Sir Keir Starmer has declared he hopes to “follow in the footsteps” of Sir Tony Blair and lead Labour to power, after the UK opposition party seized two previously safe Conservative seats in a significant double by-election triumph.
Starmer’s party overturned Tory majorities of nearly 25,000 in Mid Bedfordshire and close to 20,000 in Tamworth, a pair of results that will send tremors through the ruling Conservative party.
Starmer said while celebrating with activists that Labour had “made history” and was “redrawing the political map” in the wake of the results.
They replicated “what’s going on across the country — people are fed up to the back teeth with 13 years of decline under this government. They want a fresh start,” he said.
Starmer stressed later in an interview with Sky News that the present was “different” to the run-up to the 1997 election, but said he hoped to emulate Blair, who led Labour to a landslide victory that year.
“What I do want to do is follow in the footsteps of a leader of our party who took us from opposition into power,” he said.
He acknowledged it was still a “big” task to win the election given the swing to Labour needed, but he said the by-election results had given him a “renewed spring” in his step.

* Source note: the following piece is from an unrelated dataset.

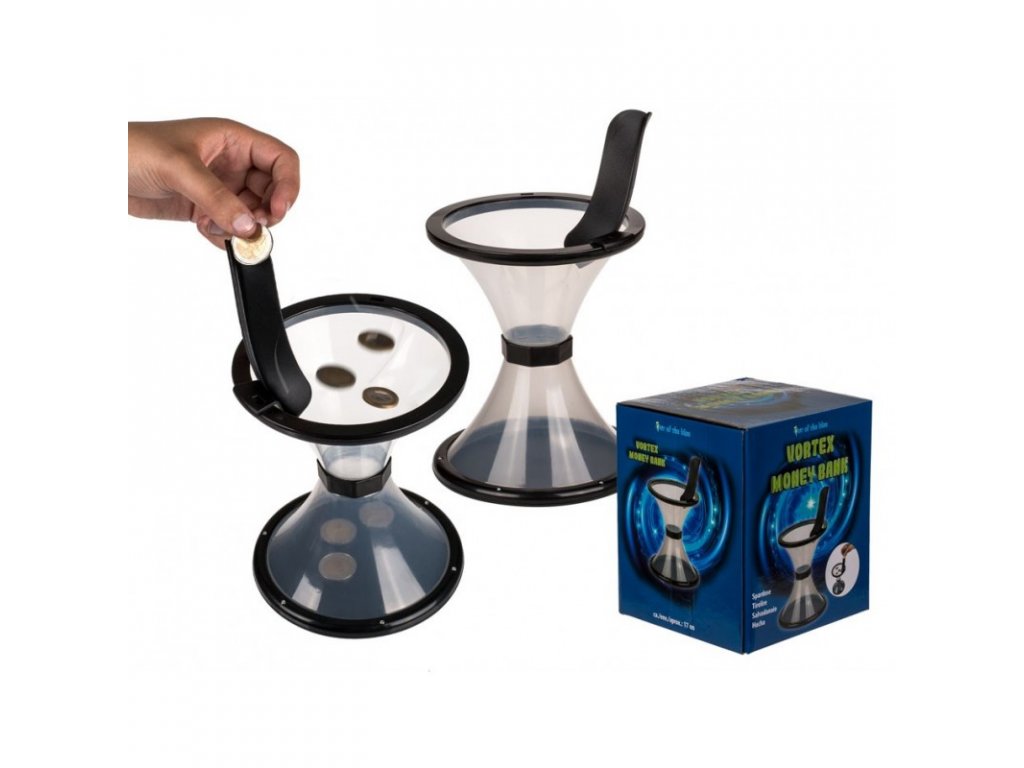 Ezzel a szokatlan készpénzes dobozzal nagyon szórakoztató a megtakarítás, az érmék többször is forognak, mielőtt a titokzatos tornádó átlátszó méjségébe esnének. Ez az eredeti pénztárca arra ösztönzi a gyerekeket, hogy megtakarításokat gyűjtsenek, miközben jutalmuk lesz, ahogyan a pénz a kasszába esik.

While by-elections do not always foreshadow the results of subsequent general elections, the results will reinforce the idea that Prime Minister Rishi Sunak is struggling to win over the public after a year in office.
Sir John Curtice, a respected elections expert, told the BBC the results left the Tories facing “the serious prospect of losing the next general election heavily and even more heavily than in 1997”.

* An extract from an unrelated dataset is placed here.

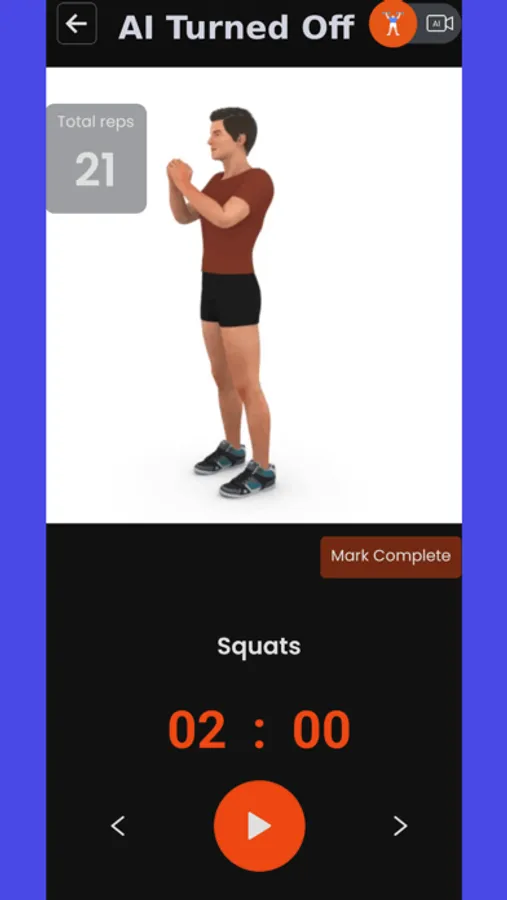 The Ai continuously monitors the exercise till the exercise timer expires.

Speaking in Cairo during a diplomatic tour to discuss the Israel-Hamas conflict with regional leaders, Sunak conceded the by-election results were “obviously disappointing”.
However, he stressed it was “important to remember the context — midterm elections are always difficult for incumbent governments and of course there are also local factors at play here”.
He told broadcasters he was committed to delivering his five priorities, as well as working on his “new approach” to net zero and transport links.
Labour secured victory in Mid Beds, previously held by former culture secretary Nadine Dorries, after a three-way fight with the Liberal Democrats.
Labour candidate Alistair Strathern won with 13,872 votes, while the Tories’ candidate Festus Akinbusoye took 12,680 votes. The Lib Dems came third with 9,420 votes.
The Conservatives had a majority of 24,664 under Dorries, a close ally of former prime minister Boris Johnson. She formally resigned in August with a withering attack on Sunak for presiding over a “zombie parliament”.
It was the largest majority that Labour has overturned in a by-election in modern political history. Strathern said: “Nowhere is off limits for today’s Labour party and tonight’s result proves that.”
George Osborne, former Conservative chancellor, had warned earlier on Thursday night that losing Mid Bedfordshire — a Tory seat since 1931 — would mean “Armageddon is coming for the Tory party”.
Labour also won in Tamworth in the West Midlands with 11,719 votes for candidate Sarah Edwards against 10,403 for the Conservatives, with a low turnout.
The Conservatives previously enjoyed a huge majority of 19,634 in Tamworth, making it their 57th safest seat in the country. The swing of 23.9 per cent from the Tories to Labour was the second highest since the 1940s.
Labour’s victory has historic resonance because it previously won the seat — then called South East Staffordshire — in a by-election in 1996, one year before the party’s decisive 1997 win.
Chris Hopkins, a pollster at Savanta, said there was “no sugar coating how bad this is for the Conservatives”.
There had not been three consecutive 20-point swings in by-elections from the Conservatives to Labour since 1996, he noted. In July, Labour also overturned a 20,000 Tory majority in the Selby and Ainsty by-election.
The Tamworth by-election was precipitated by Chris Pincher, the former Tory MP, quitting parliament after losing his appeal against an eight-week suspension from the House of Commons for groping two men last year.
The Tories also faced issues on their right-flank, as the Reform UK party secured more votes than the Labour party majority in both seats.
Reform UK leader Richard Tice wrote on X, formerly Twitter, that “twice in [the] same night have Reform UK ensured Tories lost their seat”.
But Peter Kyle, who led Labour’s campaign in Mid Beds, said it was the “biggest by-election shock in history”, which was only possible because of Starmer’s leadership.
“We saw the Tory vote had totally collapsed . . . we trusted residents when they told us they wanted to see something better,” he told Sky News. “What happened tonight was a political earthquake.”
The Conservative party has been defeated in a string of by-elections in various parts of the country in recent years, with an unusual number of the contests caused by resignations for misconduct.
Only once during this parliament have the Tories taken a seat from another party in a by-election, when they won Hartlepool from Labour in May 2021.